I just treated myself to the new 2009 edition of The Best American Essays. I’m often left speechless at the incredible diversity of work as well as the brilliance, cleverness, wit and pathos of individual selections.
The first essay in the collection, “Taking a Reading” by Sue Allison, starts with, “A yard, a pace, a foot, a fathom. How beautiful the language of measurement is…,” and ends a mere page later, reiterating her point: “A ream is a lot of paper, sold and purchased blank. Written on, it’s a book.”
John Updike and Cynthia Ozick offer insightful pieces about writers. And Brian Doyle, in “The Greatest Nature Essay Ever,” speaks of the perfect essay as having an ending that provides “a shot of espresso hope.” Wow!
In her editorial introduction, Mary Oliver champions the form. In the essay, she says, “what we receive is not didactic, not even, sometimes, totally believable, but the soul-felt truth from the individual perspective of someone deft in the craft of expression. The essay is not the world of Middlemarch, of Mrs. Dalloway going out to buy the flowers—it is neither less nor more, but different.”
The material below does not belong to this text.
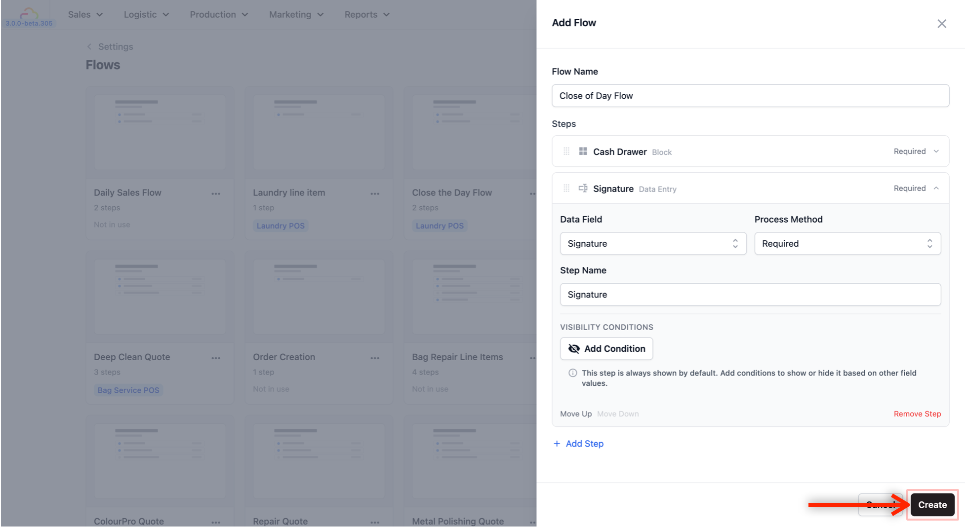 Step 1: Create a Close of Day Flow

Her reference to Mrs. Dalloway struck me as an irony in that she’s using Woolf the novelist to talk about what the essay is not, and yet Woolf was such a prolific and masterful essayist herself. One only has to revisit “Street Haunting” or “On Re-Reading Novels,” to name just two that come to mind, to recognize that she takes her place among the greats from Montaigne and Samuel Johnson to E. B. White and Joan Didion.